Secrets and API Keys

Good news! This application requires NO API keys or secrets to run.

Everything runs locally on your Mac!

  • Whisper: Runs locally, no API key needed
  • MLX-LM: Runs locally on Apple Silicon, no API key needed
  • ChatterBox: Runs locally, no API key needed

Advanced Usage

Programmatic Usage

You can also use the voice assistant programmatically:

from localtalk import VoiceAssistant, AppConfig

# Create custom configuration
config = AppConfig()
config.mlx_lm.model = "mlx-community/Llama-3.2-3B-Instruct-4bit"
config.chatterbox.exaggeration = 0.7

# Create and run assistant
assistant = VoiceAssistant(config)
assistant.run()

Custom System Prompts

localtalk --system-prompt "You are a pirate.
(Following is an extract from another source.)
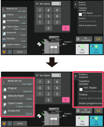 Innstillingene lagres i maskinen og tas i bruk.På skjermbilder i normal modus, som for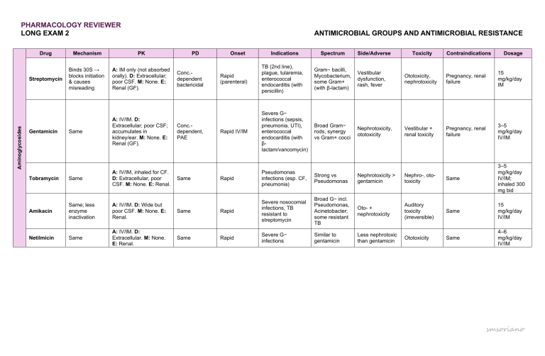 Aminoglycosides PHARMACOLOGY REVIEWER LONG EXAM 2 ANTIMICROBIAL GROUPS AND ANTIMICROBIAL RESISTANCE Drug Mechanism PK Streptomycin Binds 30S → blocks initiation & causes misreading A: IM only (not absorbed orally). D: Extracellular; poor CSF. M: None. E: Renal (GF). Same A: IV/IM. D: Extracellular; poor CSF; accumulates in kidney/ear. M: None. E: Renal (GF). Tobramycin Same A: IV/IM, inhaled for CF. D: Extracellular, poor CSF. M: None. E: Renal. Amikacin Same; less enzyme inactivation A: IV/IM. D: Wide but poor CSF. M: None. E: Renal. Netilmicin Same A: IV/IM. D: Extracellular. M: None. E: Renal. Gentamicin PD Indications Spectrum Side/Adverse Toxicity Contraindications Dosage Rapid (parenteral) TB (2nd line), plague, tularemia, enterococcal endocarditis (with penicillin) Gram− bacilli, Mycobacterium, some Gram+ (with β-lactam) Vestibular dysfunction, rash, fever Ototoxicity, nephrotoxicity Pregnancy, renal failure 15 mg/kg/day IM Rapid IV/IM Severe G− infections (sepsis, pneumonia, UTI), enterococcal endocarditis (with βlactam/vancomycin) Broad Gram− rods, synergy vs Gram+ cocci Nephrotoxicity, ototoxicity Vestibular + renal toxicity Pregnancy, renal failure 3–5 mg/kg/day IV/IM Rapid Pseudomonas infections (esp. CF, pneumonia) Strong vs Pseudomonas Nephrotoxicity > gentamicin Nephro-, ototoxicity Same 3–5 mg/kg/day IV/IM; inhaled 300 mg bid Same Rapid Severe nosocomial infections, TB resistant to streptomycin Broad G− incl. Pseudomonas, Acinetobacter; some resistant TB Oto- + nephrotoxicity Auditory toxicity (irreversible) Same 15 mg/kg/day IV/IM Same Rapid Severe G− infections Similar to gentamicin Less nephrotoxic than gentamicin Ototoxicity Same 4–6 mg/kg/day IV/IM Conc.dependent bactericidal Conc.dependent, PAE Same Onset smsoriano PHARMACOLOGY REVIEWER LONG EXAM 2 Drug Mechanism PK Same (too toxic for systemic use) A: Oral (not absorbed), topical. D: GI lumen (oral use). M: None. E: Feces. Local bactericidal Kanamycin Same A: IM, oral (not absorbed). D: Extracellular. M: None. E: Renal. Paromomycin Same Plazomicin Newer aminoglycoside Aminoglycosides Neomycin Spectinomycin ANTIMICROBIAL GROUPS AND ANTIMICROBIAL RESISTANCE Drug Spectinomycin Mechanism Binds 30S, inhibits translocation (similar to aminoglycosides but no misreading) Indications Spectrum Side/Adverse Toxicity Local Topical skin, oral for bowel sterilization, hepatic encephalopathy Gram− > Gram+, limited systemic GI upset, contact dermatitis Severe oto- & nephrotoxicity if systemic Systemic use Oral 1 g q6h (short course); topical Same Rapid TB (rarely used), bowel sterilization Broad G−, some mycobacteria High oto/nephrotoxicity Severe toxicity Same 15 mg/kg/day IM A: Oral (not absorbed). D: Stays in gut. M: None. E: Feces. Local Local Intestinal amebiasis, cryptosporidiosis Luminal parasites, some G− GI upset Rare systemic None Oral 25–35 mg/kg/day A: IV only. D: Extracellular. M: None. E: Renal. Same Rapid MDR Enterobacteriaceae MDR Gram− rods incl. CRE Similar to aminoglycosides Nephro/ototoxicity Renal impairment 15 mg/kg/day IV Toxicity Contraindications Dosage PK A: IM injection. D: Extracellular, not CNS. M: Minimal. E: Renal. PD PD Bacteriostatic Onset Onset Rapid IM Indications Gonorrhea (penicillin- or ciprofloxacinresistant strains) Spectrum N. gonorrhoeae only Side/Adverse Pain at injection site, fever, nausea Rare nephrotoxicity Contraindications Pregnancy (relative) Dosage 2 g IM single dose smsoriano PHARMACOLOGY REVIEWER LONG EXAM 2 Spectrum Common side/adverse Notable toxicity Contraindications Used only as fixed-dose combo with trimethoprim; see TMP-SMX below. Broad activity vs many gram-positive and gram-negative bacteria; some Nocardia, Chlamydia, several protozoa; Rickettsiae not susceptible; Pseudomonas intrinsically resistant. Rash, fever, photosensitivity; GU “crystalluria/urinary disturbances” (class). Kernicterus risk (class); see class AEs. Avoid when sulfonamide is contraindicated; (chapter emphasizes neonatal/pregnancy risk at class level). Bacteriostatic With pyrimethamine for toxoplasmosis As above As above As above As above Bacteriostatic With pyrimethamine for malaria (historical/where used); resistance & severe reactions limit use As above Severe cutaneous reactions cited historically; see text. Severe skin reactions (noted); Use restricted; see text. Same (acts in gut; prodrug split in colon) A: poorly absorbed (designed for local action). D: local in bowel. M/E: metabolized to sulfapyridine + 5-ASA in colon; systemic exposure less emphasized. Local effect Inflammatory bowel disease Local GI pathogens/inflammation context (not used as systemic antibacterial). GI intolerance possible (class). — — Sodium sulfacetamide (topical/ophthalmic) Same A: topical ocular. D: local. M/E: not emphasized. Local Bacterial conjunctivitis (2nd-line) Ocular surface bacteria Local irritation possible — — Silver sulfadiazine (topical) Same; silver adds broad topical activity A/D: topical local. M/E: not emphasized. Local Burns (prevention/treatment of infection) Broad topical coverage Local reactions — — Mafenide acetate (topical) Same; also inhibits carbonic anhydrase A/D: topical; systemic absorption can occur. Broad topical Pain on application; metabolic acidosis (due to CA inhibition) Metabolic acidosis risk — Drug MOA PK Sulfamethoxazole (oral absorbable; used mainly in combo) PABA analog; competitively inhibits dihydropteroate synthase → blocks folate synthesis A: well absorbed from small intestine. D: widely distributed incl. CSF; variable protein binding. M: hepatic acetylation/glucuronidation. E: urinary excretion; t½ ↑ in renal failure. Bacteriostatic alone Sulfadiazine (oral absorbable) Same as above As above for oral absorbable sulfonamides. Same Long half-life (class note longacting); otherwise as above. Sulfasalazine (oral non-absorbable) Sulfadoxine (oral absorbable; longacting) Sulfonamides ANTIMICROBIAL GROUPS AND ANTIMICROBIAL RESISTAN

Respond in pirate speak, matey!"

Troubleshooting

Common Issues

  1. "Model not found" error:

    • The model will be automatically downloaded on first use
    • Ensure you have a stable internet connection for the initial download
    • Check that you have sufficient disk space (~4-8GB per model)
  2. "No microphone found" error:

    • Check your system's audio permissions
    • Ensure your microphone is properly connected
    • Try specifying a different audio device
  3. "Out of memory" error:

    • MLX is optimized for Apple Silicon but large models may still require significant RAM
    • Try using a smaller/quantized model
    • Close other applications to free up memory
  4. Poor voice cloning quality:

    • Use a longer, clearer voice sample (10-30 seconds)
    • Ensure the sample has minimal background noise
    • Try adjusting exaggeration and cfg-weight parameters

Development

Running Tests

# Install dev dependencies
uv pip install -e ".[dev]"

# Run tests
pytest

# Run with coverage
pytest --cov

Code Style

# Format code
ruff format

# Lint code
ruff check --fix

License

MIT License - see LICENSE file for details.

Acknowledgments

  • Apple MLX team for the efficient ML framework for Apple Silicon
  • MLX-LM community for providing quantized models
  • OpenAI Whisper for speech recognition
  • Resemble AI for ChatterBox TTS

Future Plans & Roadmap

Language Support

Currently, LocalTalk supports English (American and British accents). Chinese language support is coming next, with other major world languages to follow. The underlying models (Whisper, Gemma3, and Kokoro) already have multilingual capabilities - we just need to wire up the language detection and configuration.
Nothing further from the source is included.